As the steps are increased, the pintle is retracted from the orifice,
allowing more air to bypass the throttle blades. This has the effect
of increasing the engine speed. Remember that an IAC retract (or an
increase in steps), opens the air passage to raise the engine speed.
BASIC OPERATION:
With the engine off, the IAC will be at the park position. This is
the position used upon cranking the engine. Once the engine starts,
the ecm will start to move the IAC to another position. This position
is from a table lookup of steps vs. coolant and a baro correction.
However, the IAC does not move to the new position immediately. If it
did, the engine would react suddenly, possibly stalling. The difference
between the original park steps, and the newly desired steps vs. coolant,
are lag filtered. These filters control the rate at which the IAC moves.
Once the IAC has moved to it's new position, the idle logic starts to
act. The goal here is to attain, then maintain, the desired idle rpm.
Is does not matter whether the engine is in closed loop or open loop,
the idle logic takes over.
A key here is: As long as the current idle speed touches the desired
idle rpm plus the idle error term, within the time delay, no change
to the idle speed will take place. If the idle goes outside of the
limits, the IAC will be moved to compensate.
Now that the engine is idling, sooner or later the driver will hit the
gas. Now the throttle follower logic kicks in. As the tps% increase, so
does the IAC steps. Again, this action is lag filtered. As the throttle
is then closed, the IAC retracts, lag filtered.
Upon the engine being shut off, the IAC goes through a reset process. The
IAC is stepped to the reset position, stepped to the zero position, then
stepped to the park position. This calibrates the positioning of the IAC,
along with leaving it in place for the next cranking to start.
There are additional factors that affect the IAC position. If the battery
voltage dips, the IAC can increase the idle. The A/C turning on, or
decel fuel cutoff (DFCO), can affect the current IAC position.
For an idea of how these factors can work, I'll use the A/C turning
on as an example.

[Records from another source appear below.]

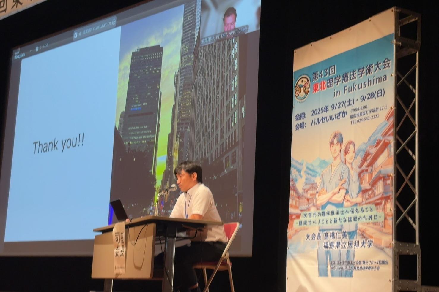 2025年9月27日(土)、28日(日)の2日間、福島県福島市飯坂町にて第43回東北理学療法学術大会が開催されました。この学術大会では、主に東北6県の理学療法士による研究発表や教育研修、セミナーなどの様々なプログラムが行われました。私は、アメリカで理学療法士として活躍されている須賀康平先生によるモーニングセミナー「挑戦と失敗を重ねたアメリカ理学療法士への軌跡:挑戦継続の意義」の司会を務めました。ご自身の現在のキャリアに至るまでに様々な研鑽を積み、視野を世界に広げるようになったことなどを伝えていただきました。会場では250名程度の来場者があり、オンライン講演でしたが講師の刺激的な講演と相まって熱気に包まれていました。
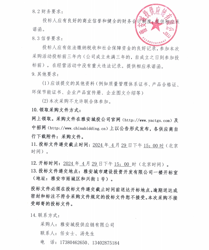 采購文件(2024年4月至2025年3月雅安城投供應鏈有限公司年度管件、管材采購
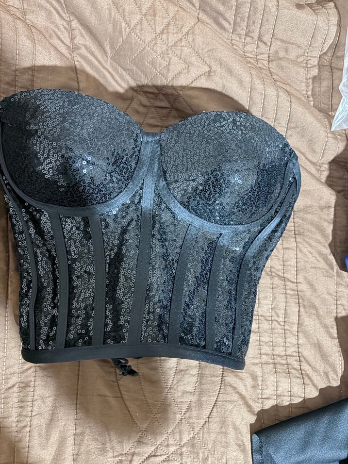 Siyah renkli, straplez ve askılı kısa büstiyer. Payetli ve nakış detaylarıyla dikkat çeker, gece partileri için uygundur.✨
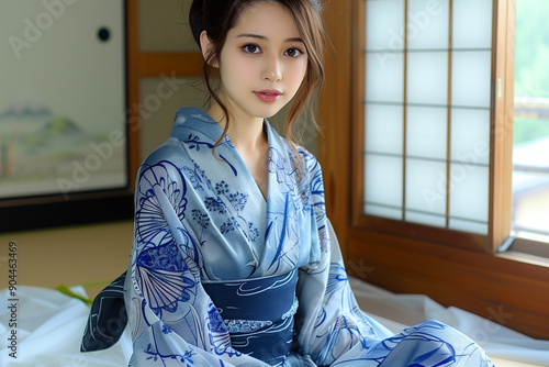 旅館の部屋で青い浴衣を着ている女性

With the engine at IAC controlled idle, and the A/C
turning on, additional steps are immediately added to the current IAC
position. Another table value also adds to the desired idle rpm. Lets say
the desired idle rpm went from 800 rpm, to 850 rpm.
The steps that were added, are decayed out. However, the idle logic
is also attempting to hold the idle at the newly desired rpm. An astute
driving may notice a slight increase in idle, along with a dip in idle,
as the new idle speed is attained by the ecm.
TABLES and PURPOSES:
The following values are the eprom table addresses.

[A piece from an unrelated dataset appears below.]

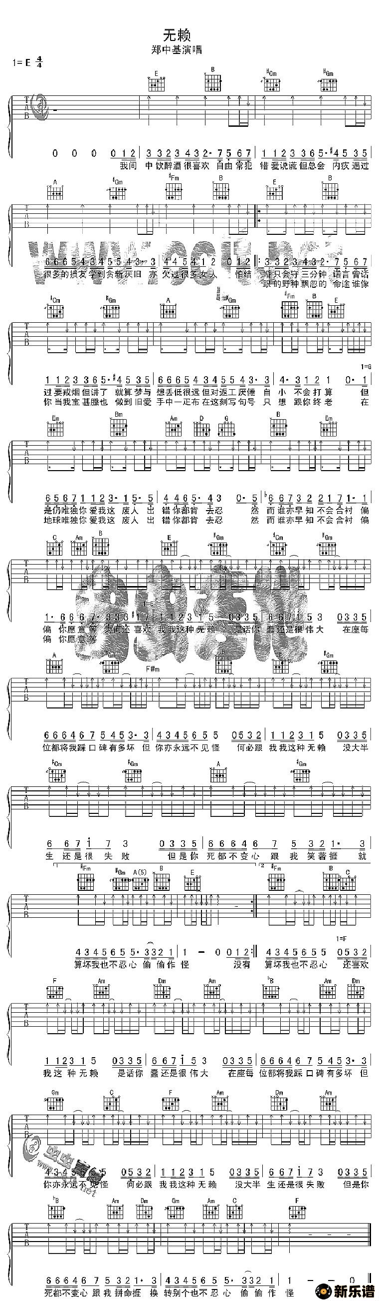 郑中基演唱的无赖歌词,无赖最新曲谱.
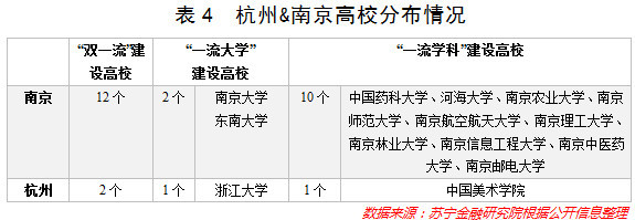 相比之下,南京是一个教育资源极其丰富的城市,211、985大学云集,其中不乏南京大学、东南大学这样的名校;在全国双一流大学排名中,南京仅次于“教育第一城”的北京(29所)和国际大都市上海(13所),以12所的数量排名全国第三位(参见表4),足以见得其科教实力之强悍。

0x293: Additional fuel added during IAC opening. (val = msec * 16.384).
Acts like a pump shot (Do not use as one.)
0x5C1:
0x5C2: IAC park position. IAC is immediately moved to this position
after engine stop and IAC reset completion. This is the IAC position
for engine cranking and start.
0x5C3: Park to run delay. Delay from engine start, to the IAC moving
to the run position: IAC vs. coolant. (val = seconds * 40)
0x5C4: Stall saver cut-in rpm (rpm / 12.5). If the engine rpm drops
below this value, the IAC is further retracted according to the steps
in the stall saver table at: 0x60A, four lines, lookup by baro. This
action is immediate and not subject to lag filtering.
0x5C5: Stall saver cut-out rpm (rpm / 12.5). Once above this rpm,
the above added steps are decayed out (lag filtered).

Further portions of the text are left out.